Он понял мое состояние, потому как сам, наверное, тоже испытывал такое.
А немцы все ближе и ближе. Облепленные снегом и смутные в белой мгле бурана, они шли, бежали на нас отдельными кучками, вразброс, поодиночке. За передними, которые, развернувшись почти на километр, пытались держаться в цепи, просматривались задние, которых была тьма, может, до самого горизонта. В общем это была огромная толпа, прущая на нас с отчаяньем обреченных, в безумной надежде пробиться сквозь пулеметы на запад, к своим. Некоторые падали, убитые, а те, кого пули еще не скосили, перешагивали через трупы, шли, бежали на нас. В том, что они нас просто затопчут, просто пройдут по нас, как проходит, затоптав людей, обезумевший от страха вспугнутый стаей волков табун лошадей, в этом я уже не сомневался. Назад, к жизни, хода не было. Я мельком подумал о Полине, вернее, ощутил ее присутствие за спиной, почувствовал ее глаза, ее серые, грустные и ласковые глаза. «Вот видишь, Поля, в какую переделку попал я… наверное, погибну… а письма от тебя так и не дождался… «Или, может, как всегда в бою, мысль о возможности смерти просто допускалась, на всякий случай, как будто душа силилась привыкнуть к этой мысли, а на самом деле, в глубине, не верила, противилась…

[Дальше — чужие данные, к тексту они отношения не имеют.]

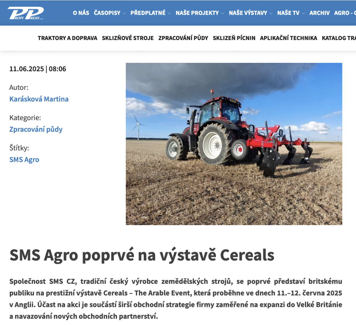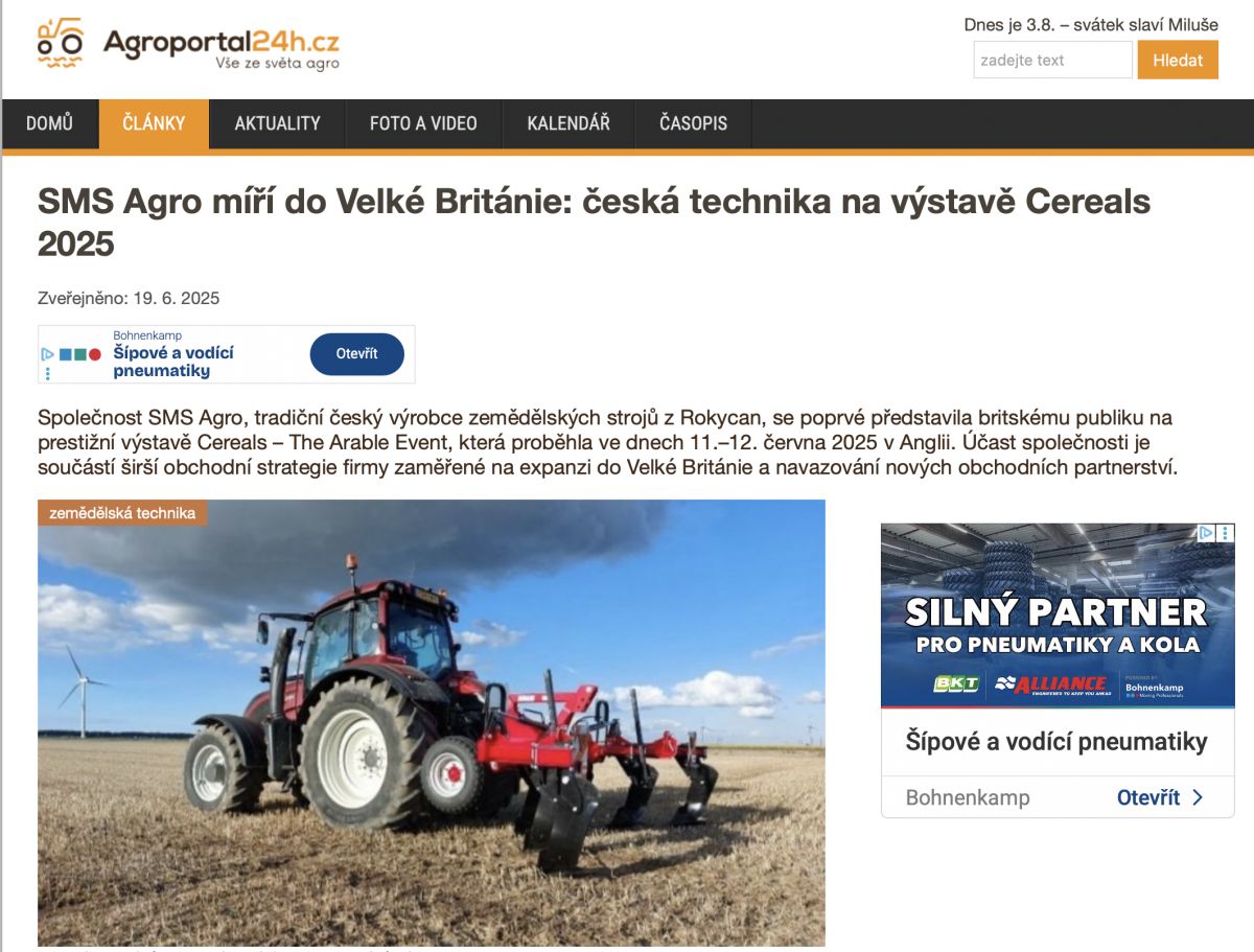 SMS Agro míří do Velké Británie: česká technika na výstavě Cereals 2025 (Agroportal24h.cz, CZ, 19. 6. 2025)
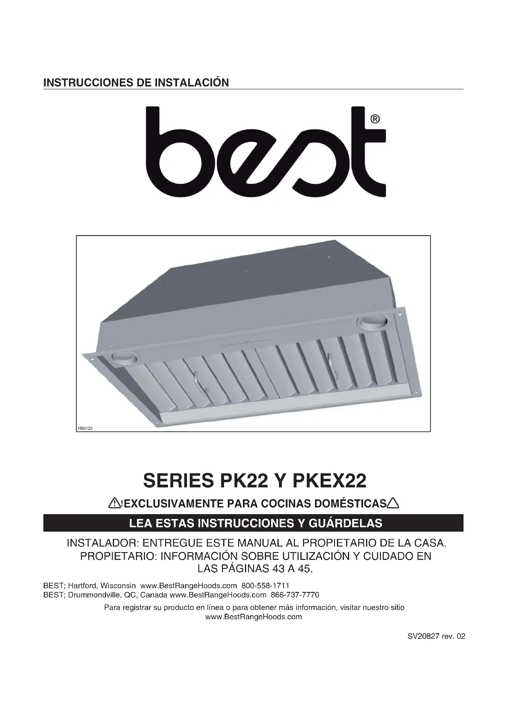 Para reducir el riesgo de incendio y deCHOque eletrico, los modelos de las series PK22 de Best deben instalarse unicamente con sus propios ventiladores incorporedos. Los modelos de la serie PKEX22 solo deben instalarse con los modelos de ventiladores externos EB6, EB9, EB12 o EB15 de Best, o con los modelos de ventiladores en linea ILB3, ILB6, ILB9 o ILB11 de Best. No empleethers ventiladores.
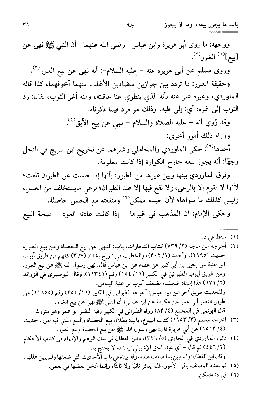 وروى مسلم عن أبي هريرة عنه – عليه السلام -: أنه نهى عن بيع الغرر.
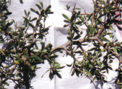 Arbusto de follaje persistente, muy ramificado, que alcanza, a lo sumo, 3 metros de altura y tronco de corteza oscura con ramas ascendentes que a su vez llevan otras más pequeñas horizontales, alternas, leñosas, cortas y todas de ápice muy agudo, espinescentes.
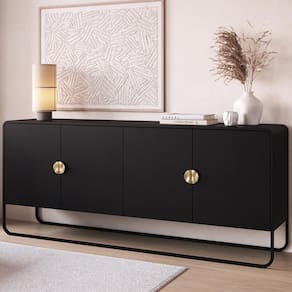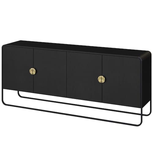 Buffet Aparador 28075, une design orgânico e contemporâneo com funcionalidade para o dia a dia. Estrutura em MDP 15 mm com cantoneiras em MDF e acabamento em pintura BP. Possui 4 portas com dobradiças com amortecimento, puxadores em poliestireno (plástico), pés em metal, cantos arredondados estilo orgânico e sapatas plásticas que protegem o piso contra riscos. Produto entregue em 01 volume.
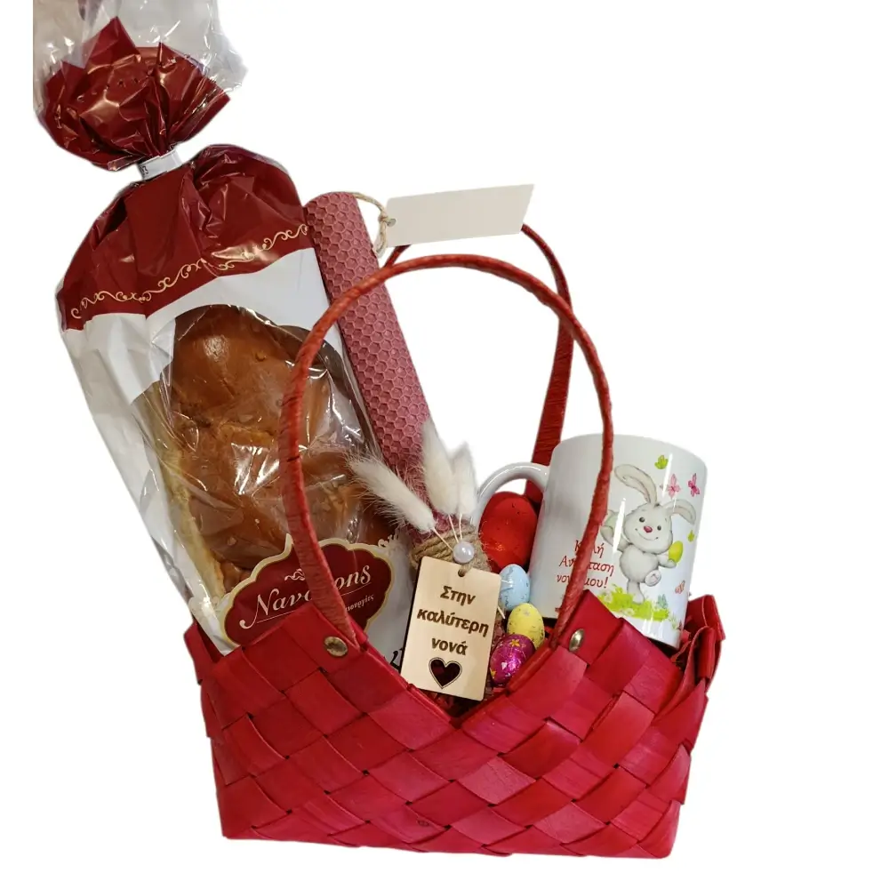 Η Πασχαλινή τσάντα με τσουρέκι κ λαμπάδα για την Νονά περιλαμβάνει:
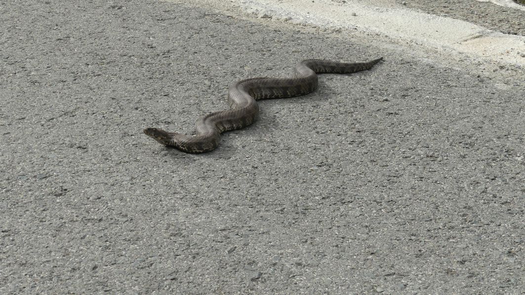 Diese rund 1,5 m lange Schlange haben wir beim Nachmittagsschlaf auf der Hauptstraße gestört. Zum Glück (für sie) waren wir auf der einsamen Straße im Cruising - Mode unterwegs und konnten rechtzeitig anhalten. Große Dankesbekundungen bekamen wir nicht, etwas unwirsch schlängelte sie von dannen. |
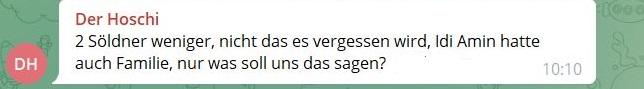 Und „der Hoschi“ ist völlig empathiefrei: „2 Söldner weniger, nicht das es vergessen wird.“
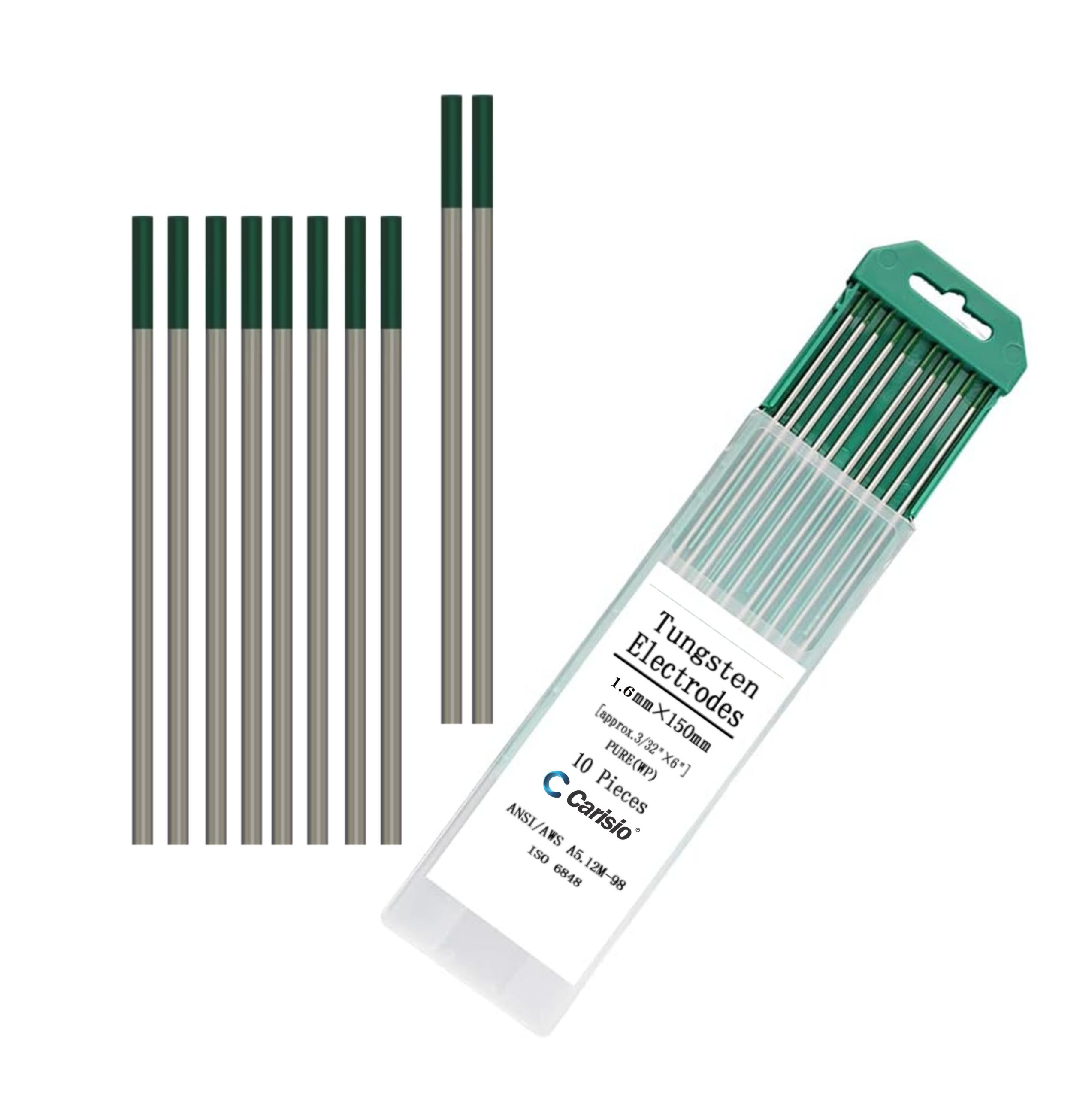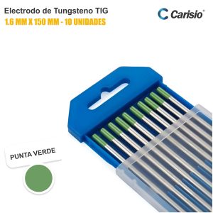 Electrodo TIG de Tungsteno Carisio Punta Verde – Caja x 10 Unidades
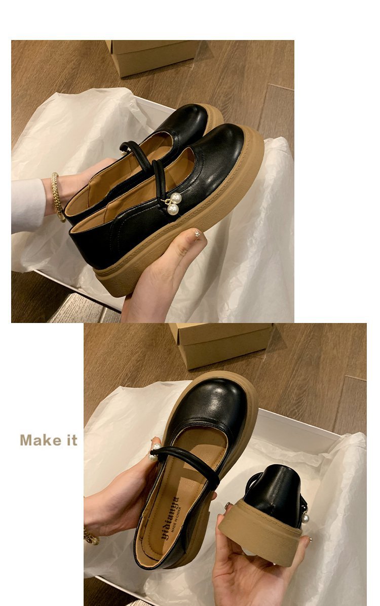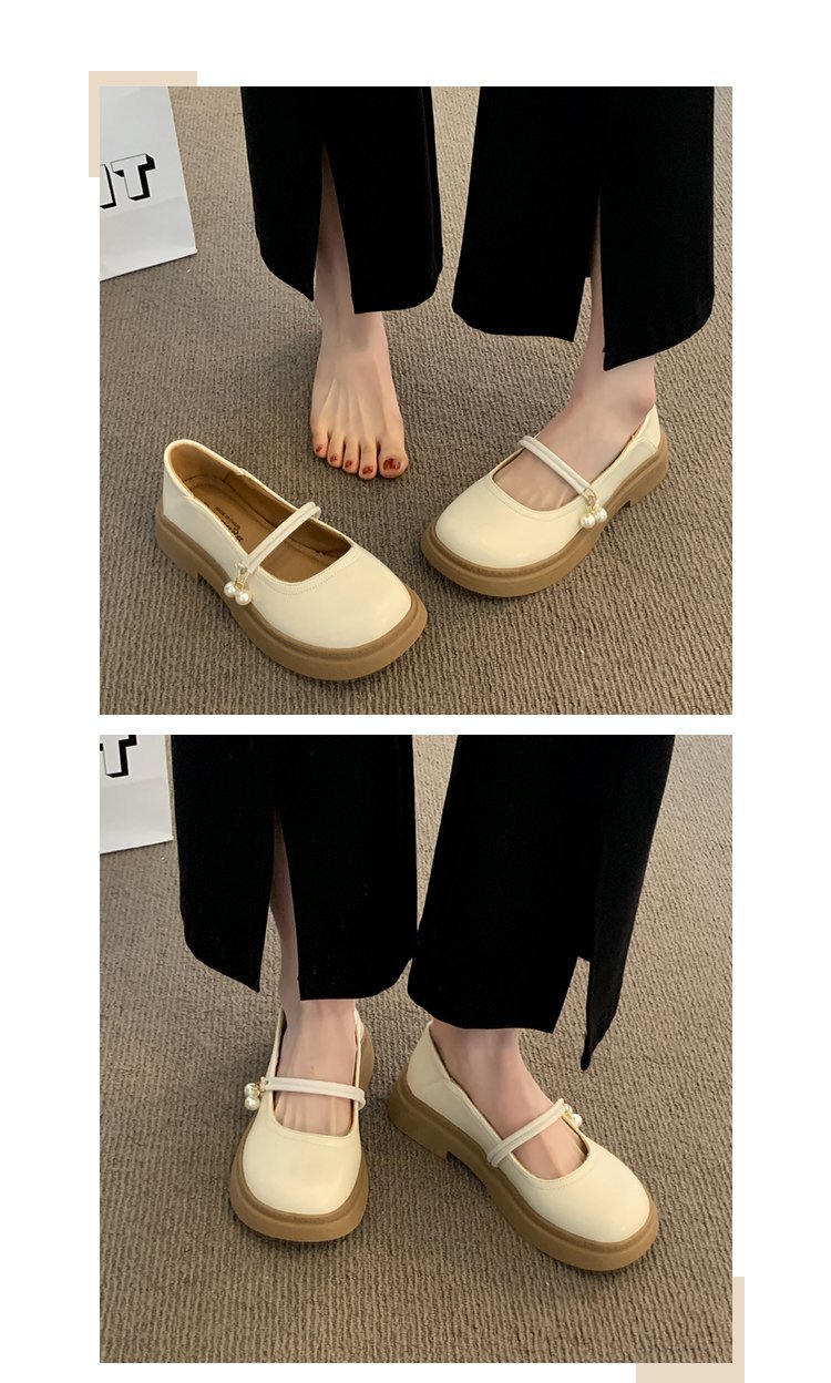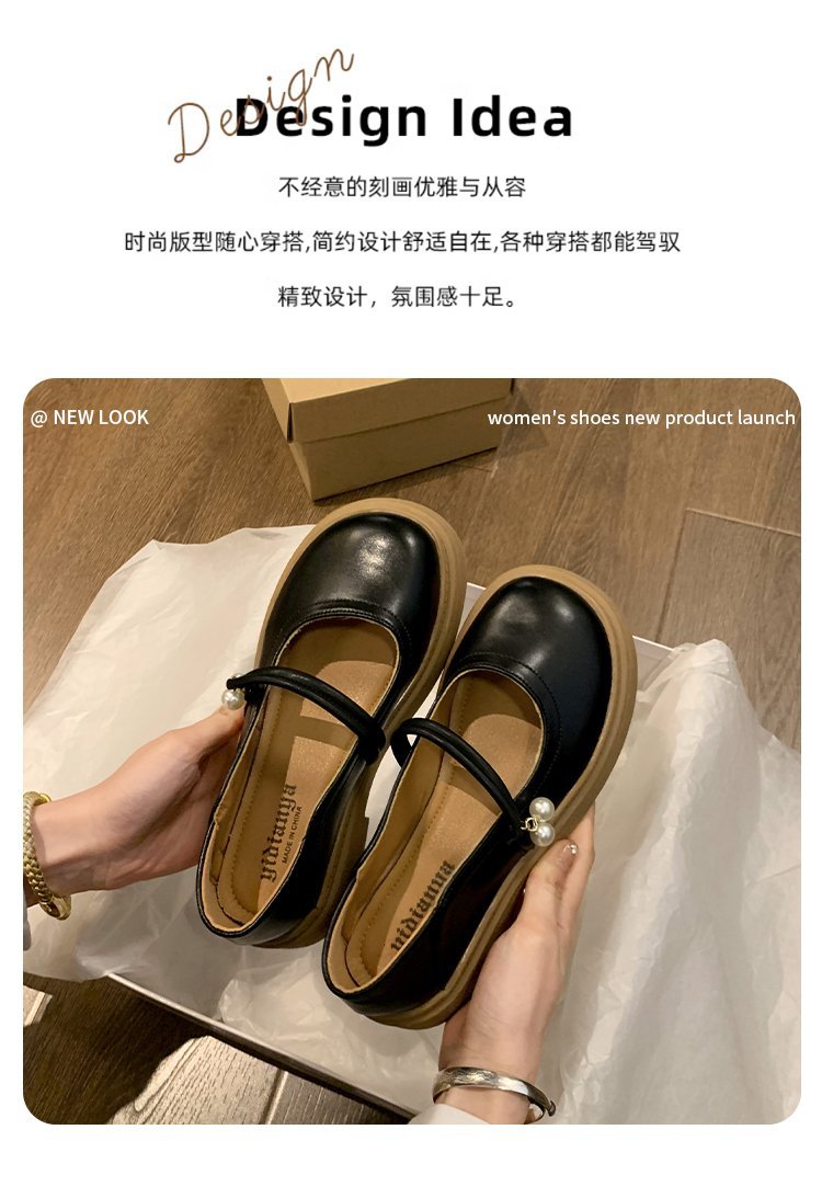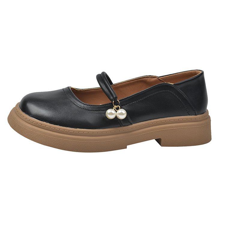 프랑스 스타일의 부드러운 기질 싱글 레이어 신발 여성의 새로운 중국 스타일 국가 스타일 여성 신발 라운드 발가락 진주 메리 제인 신발 치마와 함께 작은 가죽 신발스토어 가기

– Толя, постреляй, я покурю! – сказал Баулин.
Он отодвинулся, достал из отворота шапки загодя свернутую цигарку и, спрятав лицо от ветра, прикурил от зажигалки. Я выпустил остаток пуль, снял диск, а когда, вставляя новый диск, коснулся казенника, обжег пальцы. Приложил к казеннику ком снега, снег зашипел и пар пошел. Я бил по наступающим немцам, бил прицельно, короткими очередями, я видел, как они падали, будто ложились, уткнувшись лицом в снег, я убивал их, я убивал людей, но не было в моем сознании того ощущения, что я убиваю людей. А они все ближе и ближе. Сквозь вихри бурана точного расстояния до них просто нельзя было определить; от нас до передних немцев, может, было не больше ста метров, но порой казалось, что они уже совсем рядом. И видно стало, что они не бегут стремительно, как мерещилось тогда, а быстро шагают, переходя временами в трусцу. Передние, сраженные нашими пулями, падают, а задние, перешагивая их, вырываются вперед. И короткими очередями на ходу строчат из автоматов, и наобум бьют из винтовок. Мы уже хорошо слышали их гвалт, крики, где-то правее нас звучала песня – пели немцы.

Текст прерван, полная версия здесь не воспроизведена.